## DATASET SECTION
Content starts

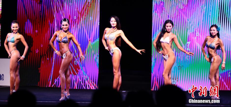 Eye-catching contestants in International beach bodybuilding competition. (CNS/Chen Wenwu)
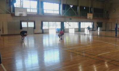 今日はとても暑い、猛暑日です。しかし、生徒は元気です。先ず体育館の部活動から。バスケットボール部。
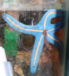 is nearing an end. Bob Fenner> Blue starfish with red bumps? Linckias and using WWM 11/10/06 Hello I just purchased another blue star fish. <... another nutter butter?> The first one died within 2 wks. I think It's because I did not do the acclimation process correctly. <Mmm... possibly a contributing influence/factor> I read up on how to do the acclimation, and brought another one. It has been 5 days, and the starfish has been moving around fine Until today I noticed it had some red bumps or spots on it. There is something (threadlike) hanging out of the middle (stomach area). Is this a sign of a disease? <Of a sort... overall stress reactions from...?> This first starfish started to ooze red stuff, then finally fell apart. Not sure what to do. Can the starfish be saved? <Not likely> thanks J & L <Please read here: http://wetwebmedia.com/stardisfaqs.htm and here: http://wetwebmedia.com/linckiadisfaqs.htm and the linked files above. Bob Fenner> Blue Starfish Dead? 10/17/2006 Hello, <<Hi!>> Forgive me if this is a stupid question. How do you tell if a blue starfish is dead? <<Check its pulse? :P>> I looked through the forums and found loads of articles referencing failing limbs, exposed sores, cuts, etc, but nothing that would tell me what a dead blue starfish would look like. I did see one article that said it would be obvious. My blue starfish was very active and moved around the tank frequently since I got him 6 weeks ago. Two days ago he stopped moving. Using the advice in the forum, I am not moving him. He looks like he is starting to slightly deflate. <<A sign of poor health if not death.>> Other than that, he looks normal without sores, cuts, etc. He just stopped and froze. <<Is he attached to the glass? If so not likely dead. In my experience dead starfish are quickly consumed by clean up crews 'watch him for further deterioration.>> Thank you in advance for your help for a very basic question. <<Glad to help. Lisa.>> - Joe Linckias... "take the blue... or the orange..." - 09/14/06 Crew, I bought one blue and one orange Linckia yesterday. I think I acclimated them slowly enough, but the orange one has been hanging out near the water surface (doing laps around the tank on the glass). The blue one has moved his arms some but not traveled. I understand from your site that 90% of these creatures do not survive. <More> We bought them "out-of-the-box" at our LFS because they give a discount and because we thought one acclimation was better than two. <...> How will we know if they are dying/dead? <Decay... the death of your other livestock...> Since the survival rate is so low I want to watch for an early demise and remove them from the system if necessary. My system has been up and doing well for a few months now and I would hate to have a big ammonia spike. Thanks, Mike <... BobF> Blue starfish...severe wounds!! Please can you help?? 8/18/06 Hi, my name is Kev and I've been keeping marines for nearly a year now. I have a 4 ft tank with 40 kilos of liverock, a Deltec mce600 skimmer and around 27x flow. The current livestock is 4 green Chromis, 2 ocellaris clownfish, a royal Gramma, a chalk goby, a six-line wrasse and a yellow tang. There are several red and blue legged hermit crabs, as well as 2 Halloween crabs. About 6 months ago I purchased a blue starfish (linckia laevigata). For the first 5 months it was very healthy and was very active. <Is a good long while for this species, genus in most marine systems> Then out of the blue a large chunk of flesh was hanging off one of the arms and there were some small wounds on a couple of the other arms. Around this time I had been struggling to control my nitrates and they had risen to around 30. Despite 6 large water changes over 4 weeks with ro water and instant ocean salt, the nitrates stayed the same. I bought a new test kit to make sure and the results were the same. I tested the new salt water and nitrates were around 1-2. After posting on forums, it was decided the nitrates were due to overfeeding. <And a lack of purposeful denitrification, uptake...> I have since cut down on feeding and have also changed my salt to Tropic Marin Pro Reef. Over the last month the starfish has been looking active again and has regenerated a lot of where the wounds were, despite nitrates at around 30. Last night, I came home to find another large chunk of flesh hanging off and the starfish looking worse than ever. This was totally out of the blue and I can't find what is causing this. The night before, my girlfriend had lit an incense stick outside the tank room. Could this be the cause of the starfish's injuries or could it be something else? <Likely the latter> I've asked on forums but I have received little feedback, none of which gives a confident cause. Have you seen this happen before and if so what was the cause? <Have seen numerous times... think this is best described as "cumulative stress" coupled with "captive unsuitability"...> I apologize if the email is long winded but I wanted to give as much information as possible to try and get to the bottom of what is causing my starfish to fall apart. I would be extremely grateful if you could shed any light on this situation. Kind regards Kevin Shackleton Yorkshire, England. <Please read here: http://www.wetwebmedia.com/linckiadisfaqs.htm and the linked files above. Bob Fenner> Green Linckia Star Disease My question to you is about my green Linckia star. <Graham at your service. I've had one of these Linckia sp. starfish for almost a year now. In my opinion, these are extremely hardy provided you give them stable water parameters as well as a sufficient food source (Such as lots of liverock). Here is a picture of mine which was taken roughly 7 months ago: http://ee.1asphost.com/spsfreak100/Dsc07915.jpg > I watched him for three weeks in the dealer's tank. He moved around and was beautiful and they assured me he was healthy as well as a very hardy star. A month after I brought him home ( he cleared a w

Content ends

## WHAT THE TASK REQUIRES
In the copy, include each line from the start of the material through the line with "今日はとても暑い、猛暑日です", word for word, but none of the pictures.

## ANSWER SPACE
 Eye-catching contestants in International beach bodybuilding competition. (CNS/Chen Wenwu)
 今日はとても暑い、猛暑日です。しかし、生徒は元気です。先ず体育館の部活動から。バスケットボール部。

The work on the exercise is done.